What the exercise asks: Go through the listing below and write out exactly the lines from the one that mentions "Шаг 4: Отслеживайте" through the one that mentions "Tucked away in", minus the pictures.

Data:
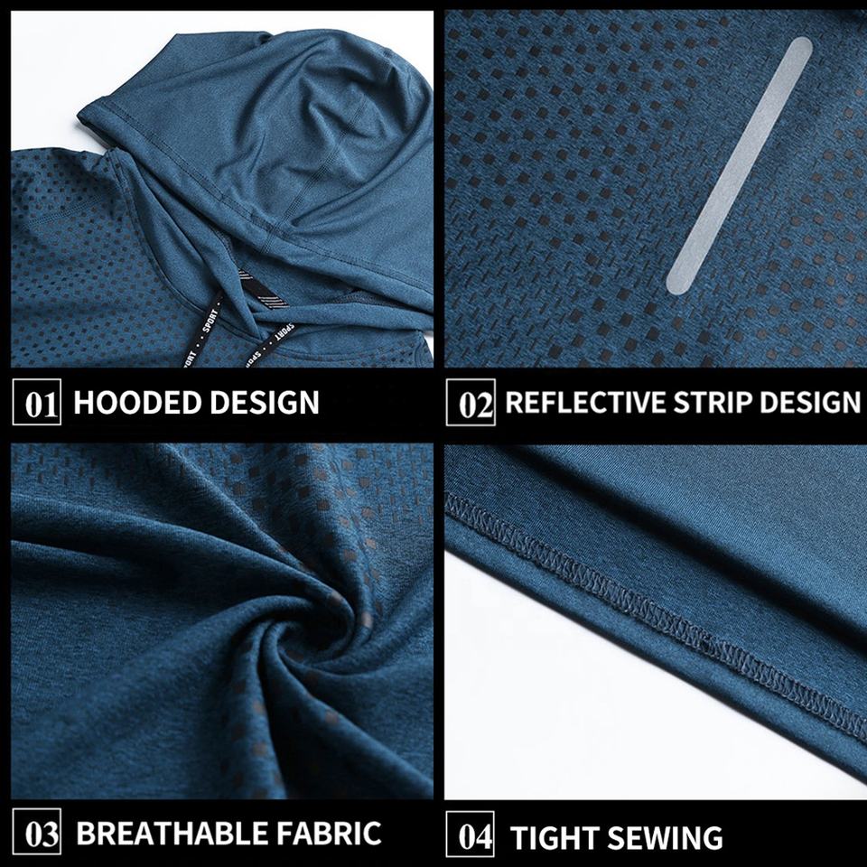 Polyester séchage rapide à manches longues palangre Gym t-shirt avec capuche Sublimation Fitness entraînement course sweats à capuche à capuche t-shirts
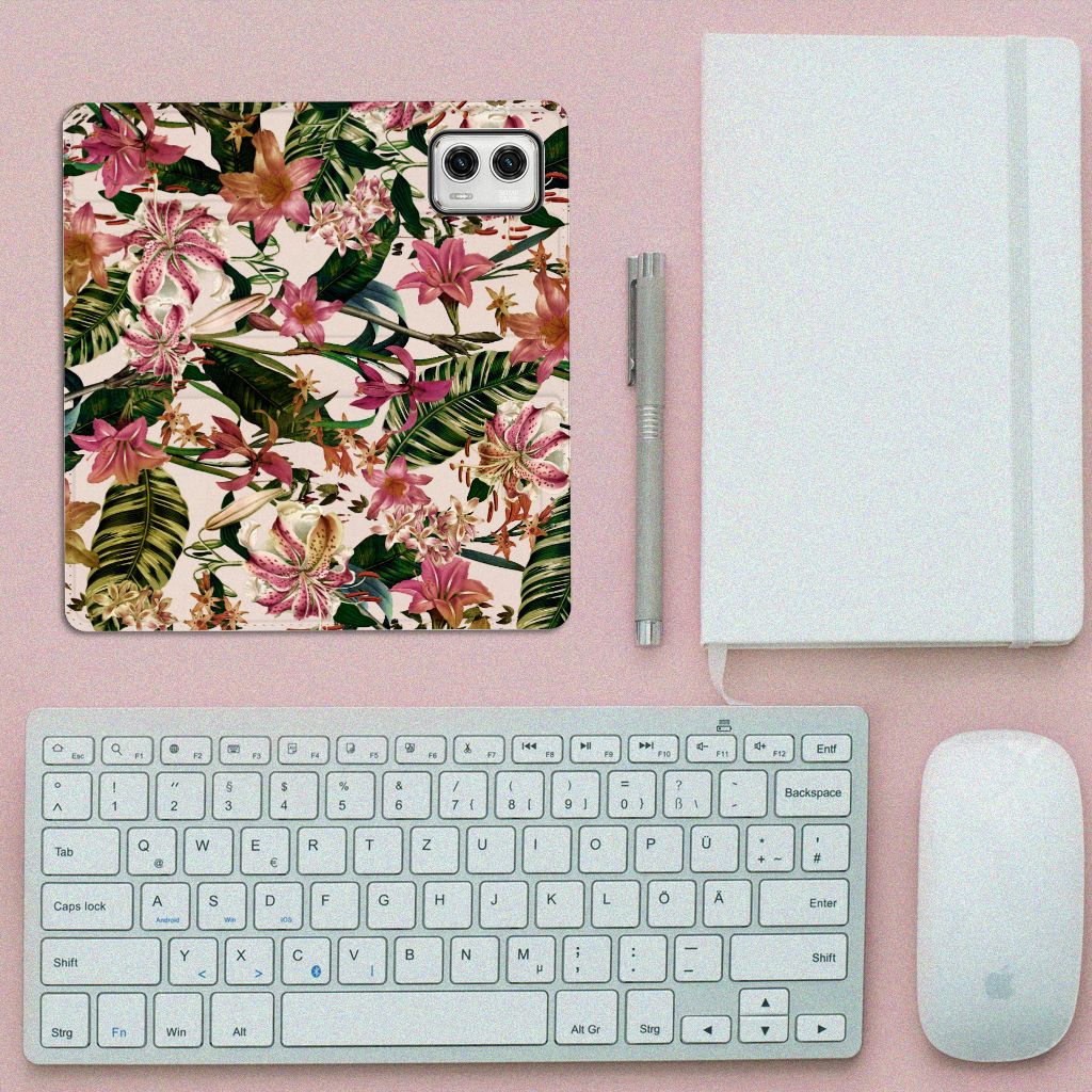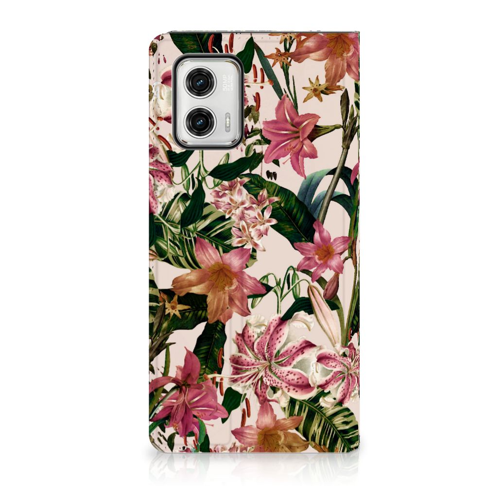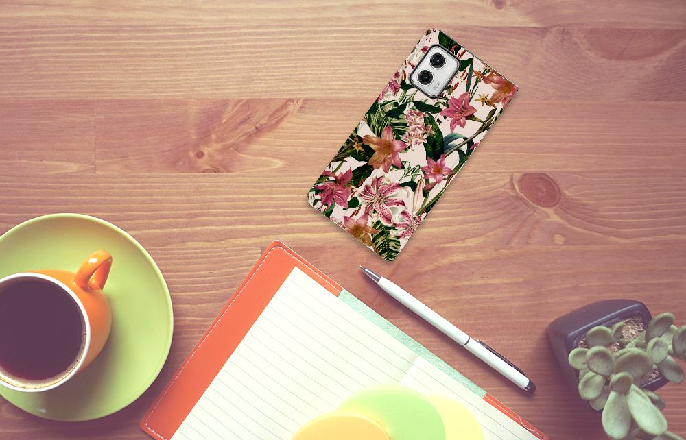 Dit Flowers design is een zegen voor de mens en zijn smartphone. De paarswitte bloemen en groene bladeren op deze Motorola Moto G73 Smart Cover geven jouw smartphone een zeer sierlijke uitstraling. Je krijgt er meteen een goed gevoel bij als je aan het appen, mailen of aan het bellen bent. Valt dan je telefoon op de grond, dan zal er dankzij de stand case met paarswitte bloemen en groene bladeren geen schade ontstaan. Onze stand cases met paarswitte bloemen en groene bladeren bieden de allerbeste bescherming en zijn heel praktisch, wat blijkt uit onder meer het vakje aan de binnenkant en de handige standaard waarmee je de smartphone rechtop op tafel neer kunt zetten. De paarswitte bloemen en groene bladeren komen op alle zijden van de case te staan. Op deze stand case van leer en TPU (houder aan de binnenkant) kun je in no time zelf foto’s van jouw favoriete bloemen zetten.
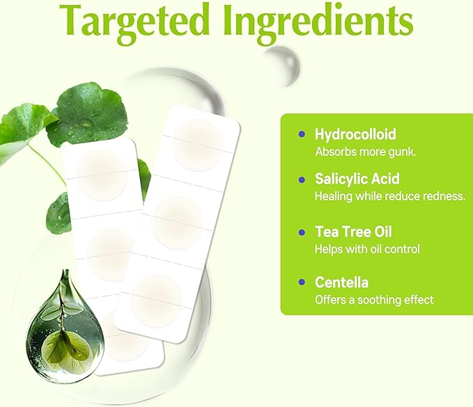 - Medical Grade Ingreditents:Advanced hydrocolloid patches for face with ingredients such as Tea Tree Oil, Centella, and Salicylic Acid helps target pimples, zits, and blemishes, reduces redness, controls oil, and this pimple patch also acts as a blemish spot treatment.
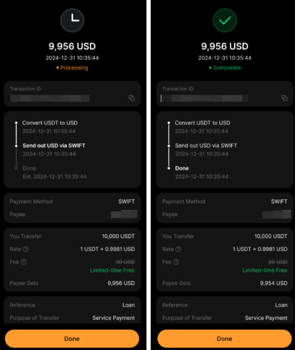 Шаг 4: Отслеживайте статус перевода на странице «история ордеров ». Вы получите push-уведомление и электронное письмо после завершения перевода.
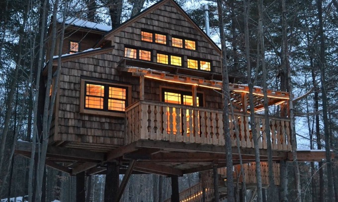Tucked away in the woods near Mount Sunapee and Lake Sunapee, this two-bedroom, one-bathroom escape offers romance, privacy, and charm—an unforgettable experience. Knock this one off your bucket list: SLEEP IN A TREEHOUSE!
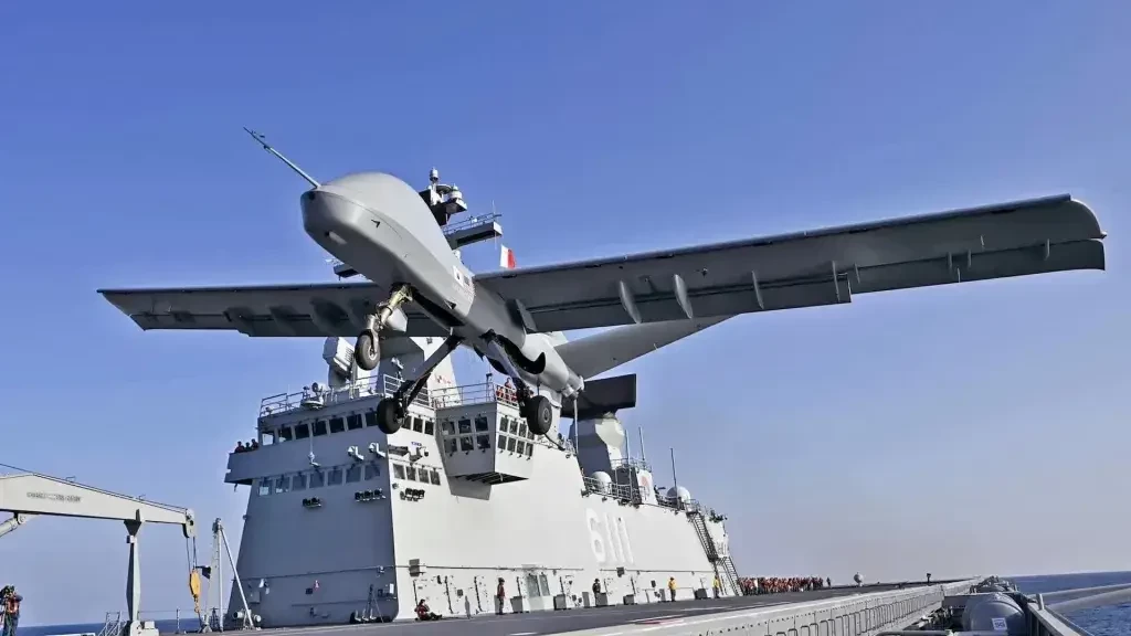 Что касается MQ-9, то Reaper наземного базирования уже состоит на вооружении Франции, но его производитель, компания General Atomics Aeronautical Systems, активно ищет способы адаптации дронов серии MQ-9 для использования на авианосцах. Компания разработала комплект крыльев, который превращает MQ-9B в большой палубный дрон, размещаемый на корабле и способный взлетать с укороченных ВПП. Она также продемонстрировала свой Mojave, специально разработанный для выполнения коротких взлётов и посадок, в том числе с различных авианосцев.

The answer:
 Шаг 4: Отслеживайте статус перевода на странице «история ордеров ». Вы получите push-уведомление и электронное письмо после завершения перевода.
Tucked away in the woods near Mount Sunapee and Lake Sunapee, this two-bedroom, one-bathroom escape offers romance, privacy, and charm—an unforgettable experience. Knock this one off your bucket list: SLEEP IN A TREEHOUSE!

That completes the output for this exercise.